Blog: Is this the end of the open kitchen?

Tim Smallwood FFCSI ponders if the Covid-19 pandemic will change the dining experience and affect the close proximity of diners to an open kitchen

Over a number of years creating the meal, the origins of the ingredients, the chef’s skills and the finished meal presentation has gradually changed from being secreted behind closed doors to becoming a direct part of the overall customer experience.

The origins of this move may have come from the operator looking for a point of difference by adding to the overall customer dining experience by removing the secrecy behind the creation of the meal with the added advantage that the kitchen, with a direct visual contact with the dining area is able to respond to demand pressures more quickly. A further benefit has been the reduction in the overall size of the kitchen through not having to include space for wait staff within the kitchen area.

This has all came at a cost because now the kitchen is on show it has become part of the overall interior design and the equipment and fit-out of the kitchen now has to project a style and quality that enhances the overall. Equipment manufacturers have responded by considering appearance and not just the utilitarian and functional aspect of their designs to attract their suitability for the open kitchen.

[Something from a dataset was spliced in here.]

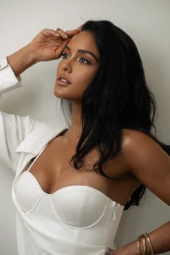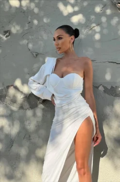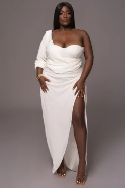 EXCLUSIVELY DESIGNED BY US FOR YOU. Crafted in a Cotton/Linen blend, our WHITE EVITA LINEN DRAPED DRESS is so flattering you’ll want it in every shade! Featuring a one-shoulder sleeve with half collar detail, this bustier style dress comes with a padded bust, boned bodice for supportive fitting, and roll tab cuffs. A dashing draped detail adorns the lower waist highlighting a side slit. Hidden side zipper for closure. No stretch.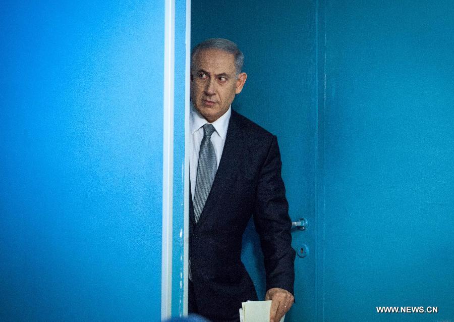 Israeli Prime Minister Benjamin Netanyahu arrives at a press conference at his office in Jerusalem, Dec. 2, 2014. Israeli Prime Minister Benjamin Netanyahu announced his support for dispersing the Knesset (parliament) and conducting early elections amid a coalition crisis. Netanyahu also said he has ordered to fire Justice Minister Tzipi Livni and Finance Minister Yair Lapid, who he said plotted against him by outspokenly criticizing his policies. (Xinhua/JINI)

Overall benefits to the operation

Designers and operators also have to consider the visual and audible aspects of the running of the kitchen. New uniforms; no more loud voices; continuous maintenance and cleaning all add to how the operation is seen by the customer. These may add to the operating cost but can also be to the overall benefit of the kitchen operation.

Once the customers experience included the process of the creation of their meal it became almost inevitable that it would also add an awareness of the ingredients that were going into their meals. The ingredient’s provenance and freshness has become yet another touch point for the business, moving the kitchen closer to the customer. The farm, the grower, food miles and sustainability now all had to be demonstrated as part of the customer experience.

But suddenly, now this proximity has become a liability. The dining experience has changed to ensure a safe separation not only from other diners but from the actual kitchen. Diners are no longer in the proximity to each other that adds to the overall experience. Operators now have to minimise the risk of cross infection. No longer do the customers anticipate being almost able to be part of the process of the delivery of their meal experience. They now prefer to eat outside in the clean fresh air.

The separation

The provenance and freshness of the ingredients remain important but no longer is being able to see, or even involved in the process, necessary. The separation of the kitchen from the dining is now complete.

The show kitchen may survive behind glass to be seen but not experienced, but the investment in the kitchen as part of the overall design of the interior will no longer be of any value. The kitchen will revert to its traditional location secreted behind a door and the new investment will be in ventilation systems and contamination avoidance as well as imagining new ways of enabling separate but intimate dining spaces where the meal experience returns to the table and the plate. Even the personal touch of experienced wait staff will be minimised if not completely eliminated and replaced by technology driven meal ordering and delivery systems.

The difference to the customer between eating-out and eating-in will be of convenience. The inevitability of the dark or ghost kitchen as a machine for the delivery of the meal experience is complete; either on site or in a remote location.